There are so many evidences of the system’s collapse, it is hard to know where to begin:

A U.S. senator who took advantage of his advanced knowledge of the virus to place a winning bet on the stock exchange. The disruption of the chain for distributing foodstuffs. A world economy which is so accelerated, interconnected and remote from the ideal of a (reasonable) self-sufficiency that it only has to halt for a month or two before diving into a devastating depression. The disproportionate number of victims who are poor, displaced or belong to persecuted religions or ethnic groups. The detonation of different extremist movements. The growing disbelief in any kind of objective truth.
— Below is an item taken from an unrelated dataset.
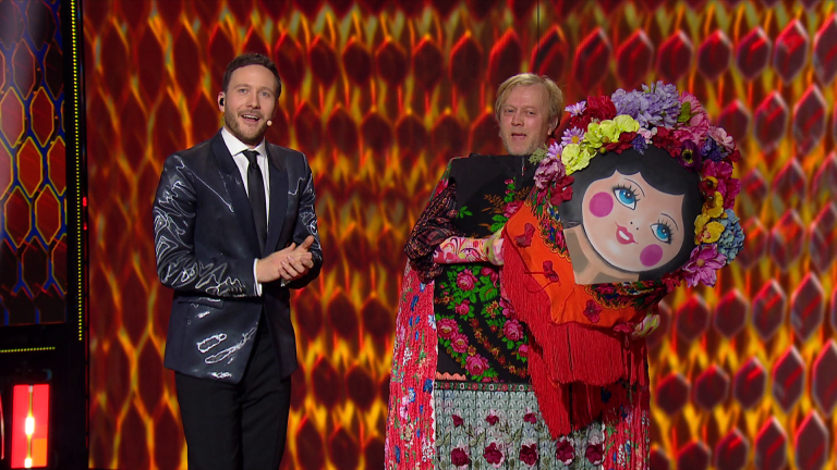 Že v petek sta zvezdniški ekipi razkrili masko laboda, pod katero se je skrivala pevka Alya, v nedeljo pa sta za novi presenečenji poskrbela igralec Matjaž Javšnik v vlogi babuške in voditeljica Valentina Plaskan kot slika.

The possibility that the draconian restrictions on the free movement of persons (valid to an extent) will lead to totalitarianism of the State far worse than that of Stalin and Hitler, precisely because it will be so sophisticated that the majority won’t even be aware of it.

In his disjointed way, McKenna foresaw it all.
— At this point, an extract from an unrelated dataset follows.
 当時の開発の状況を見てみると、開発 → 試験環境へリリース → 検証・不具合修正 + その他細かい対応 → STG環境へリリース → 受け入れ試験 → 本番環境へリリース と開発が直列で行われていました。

Nevertheless, the hippy/New Age movement was not only unable to prevent the current catastrophe, you might even say that its adherents, unawares, actually helped to foment it, in that the energies of what Ginsberg called “the best minds of my generation” were diverted from a political or at least collective solution to the many ills of our society to a self-centered search for “spirituality.”
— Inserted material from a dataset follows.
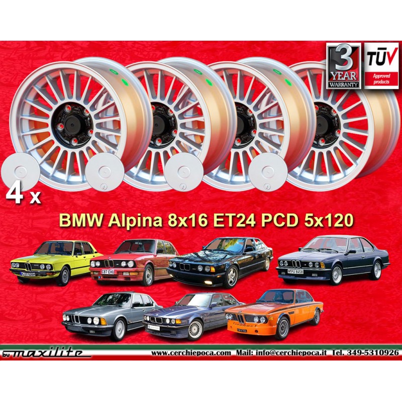 Design Alpina en finition silver/black dimensions 8x16 systeme de fixation PCD 5x120 deport ET24 diametre du trou central 72.6 mm poids de la jante simple Kg 9. Fabrique par: Maxilite. Garantie 3 ans par fabricant. Certificats d'homologation: TUV. Retour et remboursement possible pour les produits non utilises sans traces d'utilisation, dans l'emballage d'origine, selon les termes de la loi.

Zealots like McKenna and Timothy Leary turned psychedelics into a religion, with the best of intentions, I concede, because as the most profound thinkers of our age have pointed out, the crisis the world has suffered from for a century or more by now is fundamentally caused by a lack of faith (in anything more than success, power, money, fame, etc). However, a religion based on transitory and disruptive fugues lacks the core, the firmness, we need to uphold us in the trials of daily life.

In a broader sense, the same applies to the other ideals of the New Age, like self-sufficiency, renewable energy, a return to primitive wisdom and the rest. They may be valid in themselves, but they tend to place self-satisfaction above the satisfaction of others and in many cases, they are practiced too superficially to eradicate the deep-rooted conditioning we are rebelling against. Terence told us what to do but not how to do it, i.e. “You simply have to turn your back on a culture that has gone sterile and dead and get with the program of a living world and the imagination.” Fair enough, if it were not that we have been shaped by that culture and a token renunciation of it often leads to a cultish iconoclasm rather than a true mastery of ourselves.

I don’t want to sound like those Jewish lefties at City College in the thirties and forties who turned into the neo-con mouthpieces for the most reactionary segments of the United States. But while the advancing years might have blunted its combat edge, I still wield my machete. At the same time, they have given me a bit of perspective, enough to assert that the revolution of my generation has petered out. Or one aspect of it, revolving around the notion that by “raising your consciousness,” a small minority of the enlightened would somehow generate an energy that would spread to uplift the whole world.

It is not only that the corporate world wields so much money and political power that it is unassailable, nor even that it is so clever at manipulating the masses. It is also too insidious, insofar as instead of resisting challenges it cannot halt, it absorbs, distorts and capitalizes on them, with a masterly sleight of hand that deceives many of those who are opposed to it. If Terence McKenna epitomizes those who undermined its premises, I’d choose Richard Branson as his counterpart, the hipster businessman whose cool look and earth-friendly spiel conceals a rip-off artist.

So, in the end, I’m for Terence McKenna. Saul Bellow once wrote that the world is so crazy nowadays, you have to be a little crazy yourself to cope with it. Hence, I find myself in the grip of a love-hate relationship with him, caused by the manner in which he mirrored the wildness of my own thinking, on the one hand, and, on the other, had the courage to take it as far as it could go.